[COLLECTED MATERIAL — start]

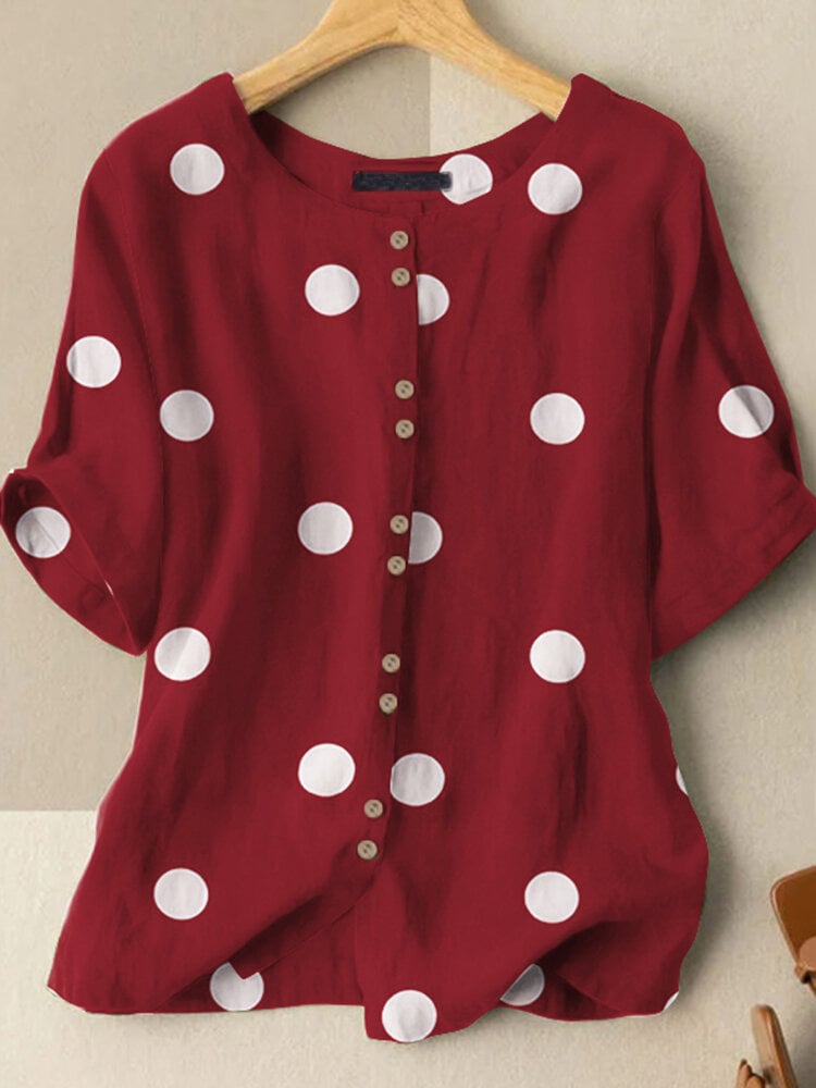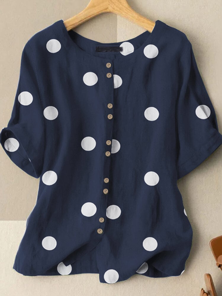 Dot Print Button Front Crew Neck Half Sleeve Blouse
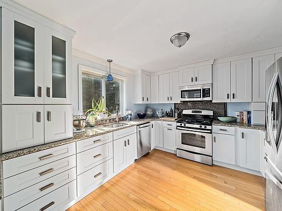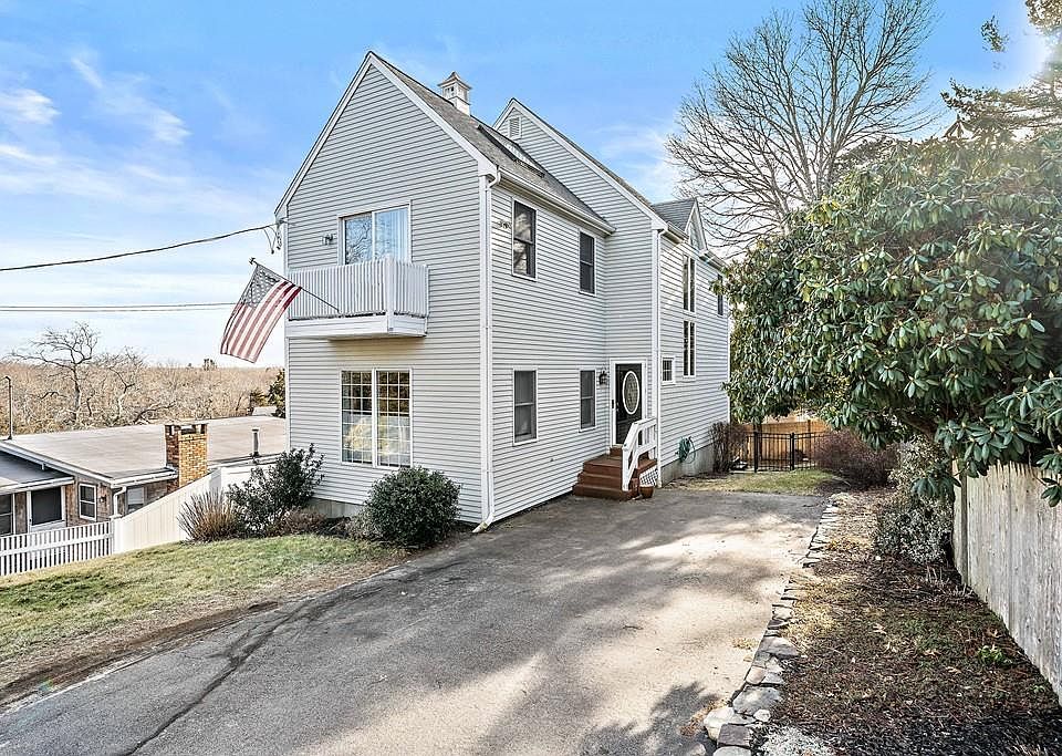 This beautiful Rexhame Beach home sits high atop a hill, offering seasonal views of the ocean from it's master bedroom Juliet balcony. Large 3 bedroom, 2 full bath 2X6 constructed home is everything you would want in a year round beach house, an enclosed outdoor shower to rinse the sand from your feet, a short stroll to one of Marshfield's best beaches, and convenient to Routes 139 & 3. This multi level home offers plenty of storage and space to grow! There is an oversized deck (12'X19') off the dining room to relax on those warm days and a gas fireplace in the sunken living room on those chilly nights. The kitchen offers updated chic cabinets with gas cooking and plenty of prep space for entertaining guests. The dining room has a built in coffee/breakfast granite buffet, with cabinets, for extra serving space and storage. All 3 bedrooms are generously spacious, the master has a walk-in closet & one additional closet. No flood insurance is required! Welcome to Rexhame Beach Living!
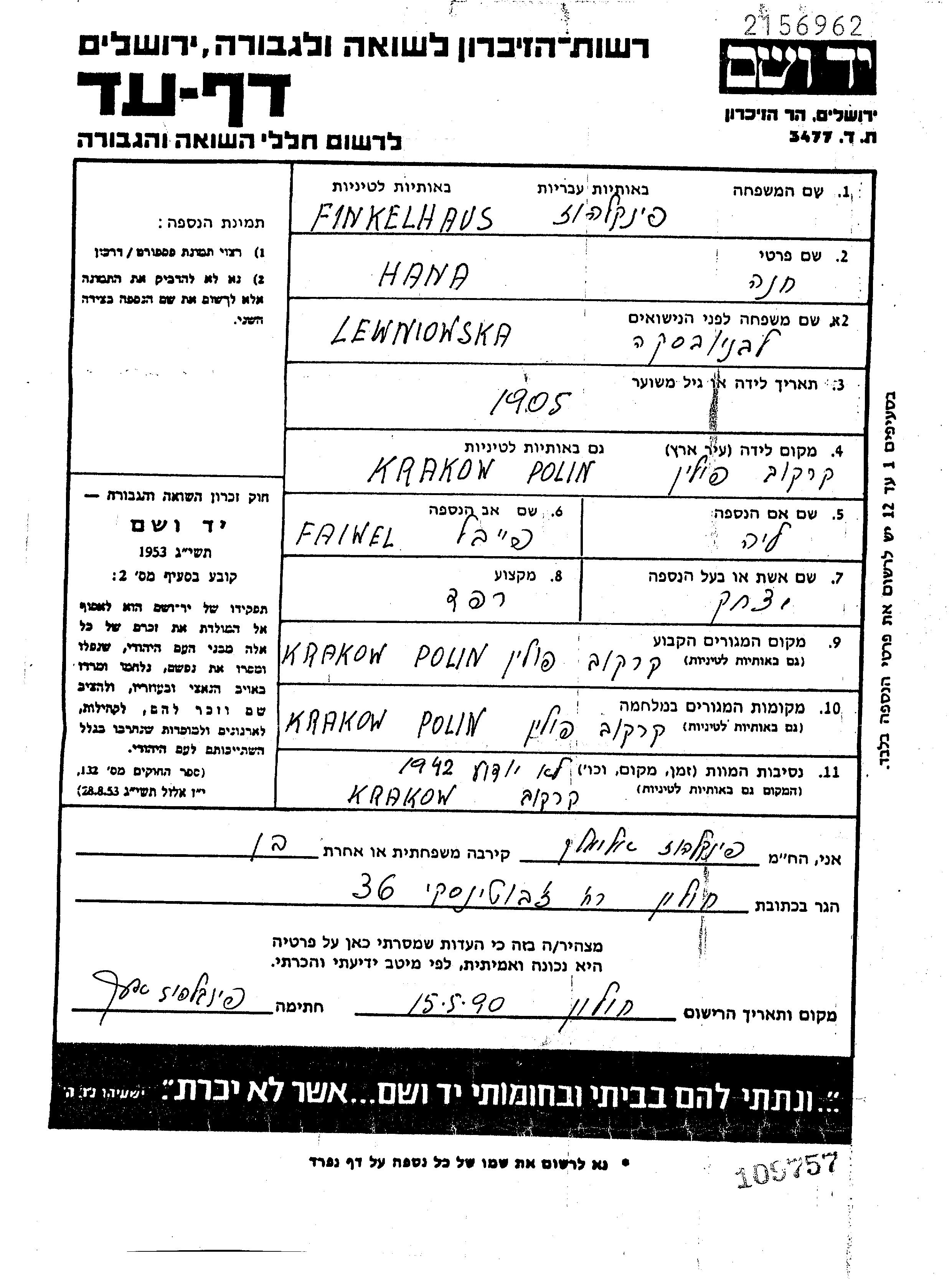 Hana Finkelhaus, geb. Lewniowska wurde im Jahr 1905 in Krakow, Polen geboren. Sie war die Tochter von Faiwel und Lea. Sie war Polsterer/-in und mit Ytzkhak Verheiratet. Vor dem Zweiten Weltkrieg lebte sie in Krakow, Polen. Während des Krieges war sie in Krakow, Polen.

[COLLECTED MATERIAL — finish]

- [WORK INSTRUCTIONS]: From the line with "This beautiful Rexhame" to the last line of the material, both inclusive, set down every line exactly and nothing else; omit pictures.

- [ANSWER FOR THIS EXERCISE]:
 This beautiful Rexhame Beach home sits high atop a hill, offering seasonal views of the ocean from it's master bedroom Juliet balcony. Large 3 bedroom, 2 full bath 2X6 constructed home is everything you would want in a year round beach house, an enclosed outdoor shower to rinse the sand from your feet, a short stroll to one of Marshfield's best beaches, and convenient to Routes 139 & 3. This multi level home offers plenty of storage and space to grow! There is an oversized deck (12'X19') off the dining room to relax on those warm days and a gas fireplace in the sunken living room on those chilly nights. The kitchen offers updated chic cabinets with gas cooking and plenty of prep space for entertaining guests. The dining room has a built in coffee/breakfast granite buffet, with cabinets, for extra serving space and storage. All 3 bedrooms are generously spacious, the master has a walk-in closet & one additional closet. No flood insurance is required! Welcome to Rexhame Beach Living!
 Hana Finkelhaus, geb. Lewniowska wurde im Jahr 1905 in Krakow, Polen geboren. Sie war die Tochter von Faiwel und Lea. Sie war Polsterer/-in und mit Ytzkhak Verheiratet. Vor dem Zweiten Weltkrieg lebte sie in Krakow, Polen. Während des Krieges war sie in Krakow, Polen.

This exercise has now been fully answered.